Companies Require More Labeling Control and Consistency
Today’s companies are realizing that they can centralize and standardize with one enterprise labeling solution and still drive labeling from a range of local facilities. Fortunately, the advent of “multi-site” functionality enables centralization, empowering businesses to control labeling and make decisions centrally, while also meeting the demands of their localized facilities. Rather than manage multiple systems across different locations, this new breakthrough enables companies to streamline maintenance and ensure consistency while supporting enterprise-wide changes. This approach offers labeling consistency, helps support regulatory and standards compliance, enhances brand integrity, reduces costs and offers a single scalable solution that facilitates expansion to new global locations.

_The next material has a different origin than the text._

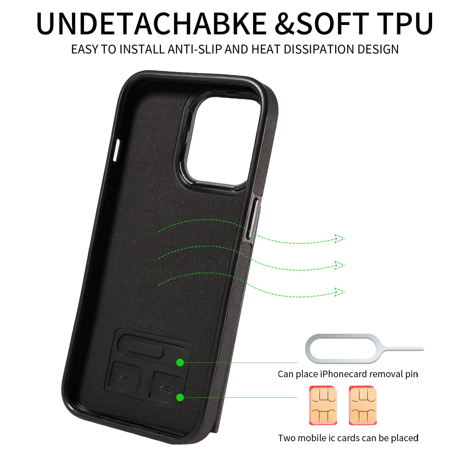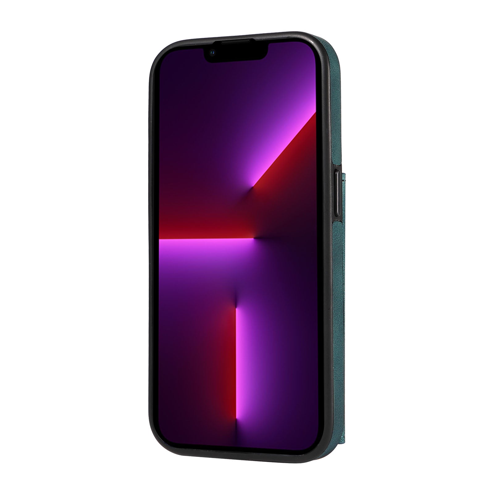 001 For iPhone 13 Pro 6.1 inch Card Holder PU Leather Coated TPU Cover Ring Kickstand Phone Case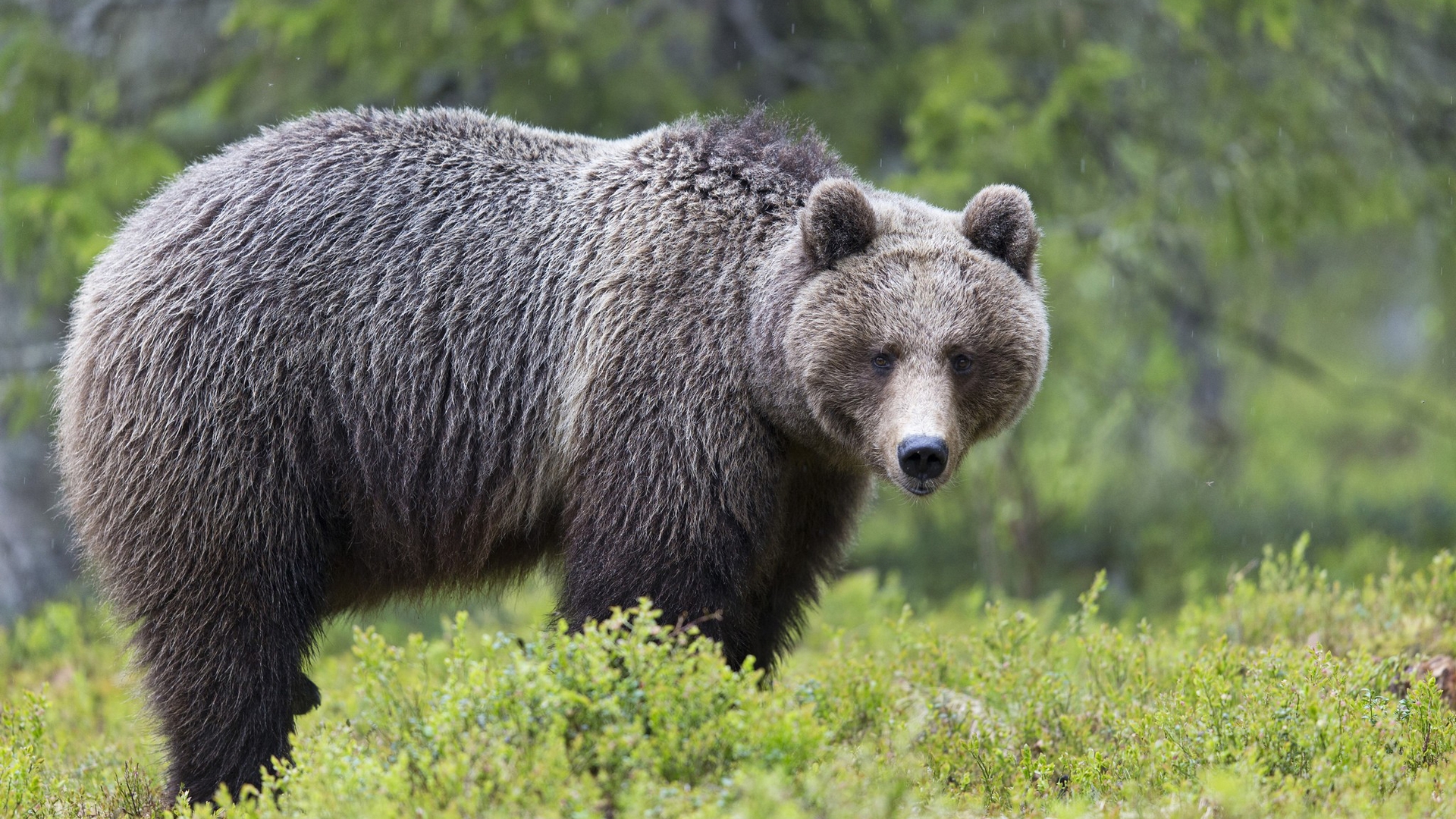Description: A large brown bear standing on top of a lush green field next to trees and bushes on a sunny day.

Business Continuity Demands Labeling Failover
Continuous labeling uptime is an absolute requirement. Almost all (92%) of respondents said a stoppage in labeling causes operational disruption or production downtime. Additionally, 94% of 1B+ companies recognize the importance of maintaining continuous operations at the plant and/or manufacturing level. Despite its importance, achieving continuous uptime can be difficult for companies, as nearly 83% reported that local operations depend on connectivity to centralized applications. The ability to have labeling continuity with failover from a central to a local instance is paramount in allowing remote locations to continue without disruption. The power of multi-site deployment capabilities enables labeling to fail-back to the central instance once the connection is re-established, then relevant transactional data can be synchronized between the central instance and any impacted facility.
Remote Facilities Look to Manage Labeling More Independently
In many cases, remote sites need to manage labeling with a degree of autonomy at manufacturing plants, contract manufacturer sites, warehouses, and distribution centers. These facilities often have location-specific nuances in labeling requirements that cannot be understood or managed by headquarters. As an example, production data is often location-centric, so manufacturing facilities need the ability to integrate with local data sources regardless of whether they are driving labeling centrally or, if a disruption occurs, locally. In this scenario, multi-site capabilities allow corporate to support regional deployments and ensure consistency while the remote sites get the location-specific autonomy they demand. This empowers facilities to run without depending on a full-time connection to headquarters while ensuring that they comply and stay current with corporate labeling standards. Ultimately, multi-site enables unlimited flexibility to standardize labeling across global supply chains.